(PROVIDED ENTRIES Opens)

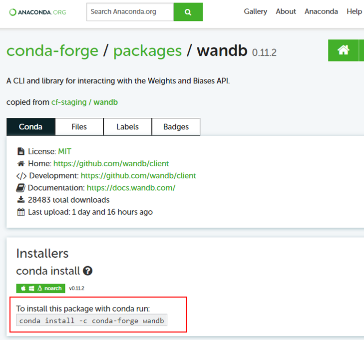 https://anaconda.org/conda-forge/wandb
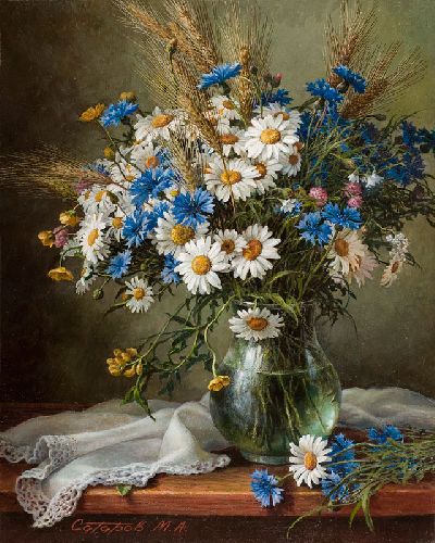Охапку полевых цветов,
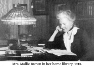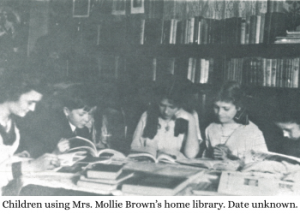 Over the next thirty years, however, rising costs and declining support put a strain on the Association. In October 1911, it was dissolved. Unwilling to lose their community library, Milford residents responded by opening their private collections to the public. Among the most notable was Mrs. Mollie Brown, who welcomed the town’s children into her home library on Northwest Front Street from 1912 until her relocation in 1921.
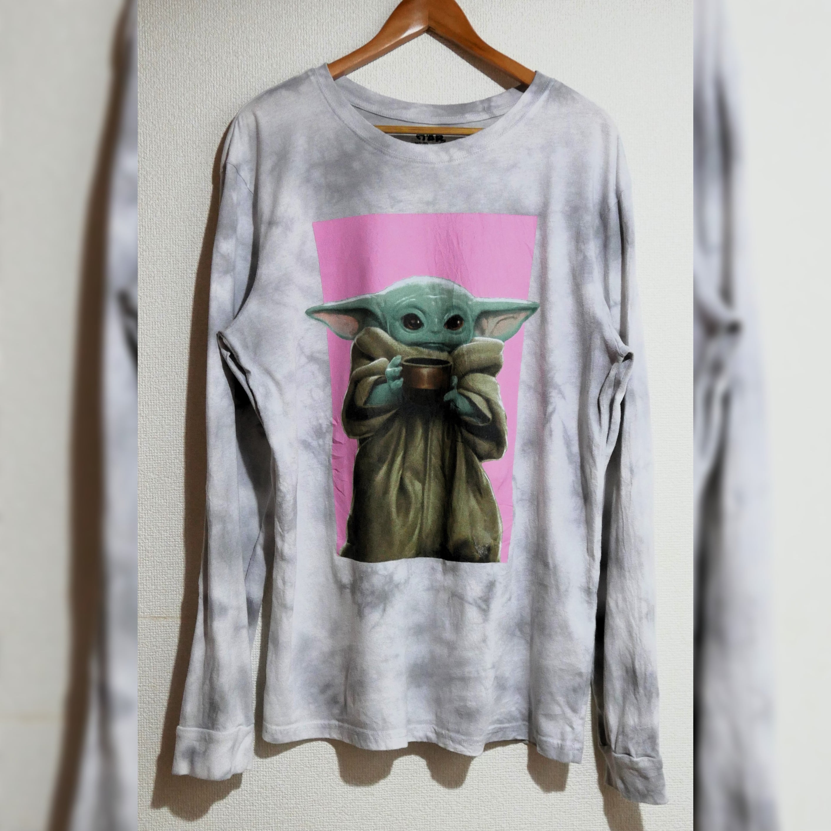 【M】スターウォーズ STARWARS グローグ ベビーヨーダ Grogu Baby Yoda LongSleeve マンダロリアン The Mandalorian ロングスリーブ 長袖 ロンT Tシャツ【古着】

(PROVIDED ENTRIES Closes)
(PROVIDED ENTRIES Opens)

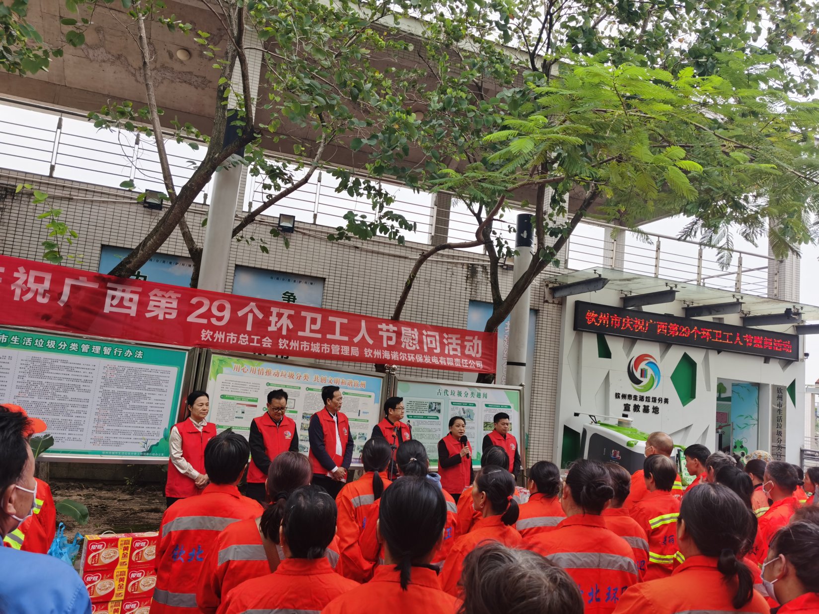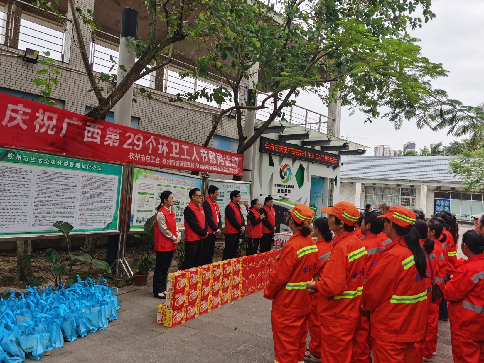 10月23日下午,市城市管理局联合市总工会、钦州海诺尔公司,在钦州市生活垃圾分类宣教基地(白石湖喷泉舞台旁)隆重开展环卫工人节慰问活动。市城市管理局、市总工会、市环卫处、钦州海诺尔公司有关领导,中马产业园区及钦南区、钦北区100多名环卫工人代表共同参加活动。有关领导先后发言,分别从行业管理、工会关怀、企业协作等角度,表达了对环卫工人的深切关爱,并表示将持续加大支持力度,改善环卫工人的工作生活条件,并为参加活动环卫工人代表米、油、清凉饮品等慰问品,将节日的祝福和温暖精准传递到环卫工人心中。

(PROVIDED ENTRIES Closes)
(PROVIDED ENTRIES Opens)

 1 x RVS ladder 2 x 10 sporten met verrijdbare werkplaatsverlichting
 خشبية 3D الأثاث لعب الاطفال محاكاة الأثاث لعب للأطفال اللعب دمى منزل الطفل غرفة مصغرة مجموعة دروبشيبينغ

(PROVIDED ENTRIES Closes)

WHAT IS REQUIRED: Word for word, retype the lines in the entries above that run from the one with "https://anaconda.org/conda-forge/wandb" through the one with "長袖 ロンT Tシャツ【古着】". Both ends count; pictures do not.

OUTPUT BELOW:
 https://anaconda.org/conda-forge/wandb
Охапку полевых цветов,
 Over the next thirty years, however, rising costs and declining support put a strain on the Association. In October 1911, it was dissolved. Unwilling to lose their community library, Milford residents responded by opening their private collections to the public. Among the most notable was Mrs. Mollie Brown, who welcomed the town’s children into her home library on Northwest Front Street from 1912 until her relocation in 1921.
 【M】スターウォーズ STARWARS グローグ ベビーヨーダ Grogu Baby Yoda LongSleeve マンダロリアン The Mandalorian ロングスリーブ 長袖 ロンT Tシャツ【古着】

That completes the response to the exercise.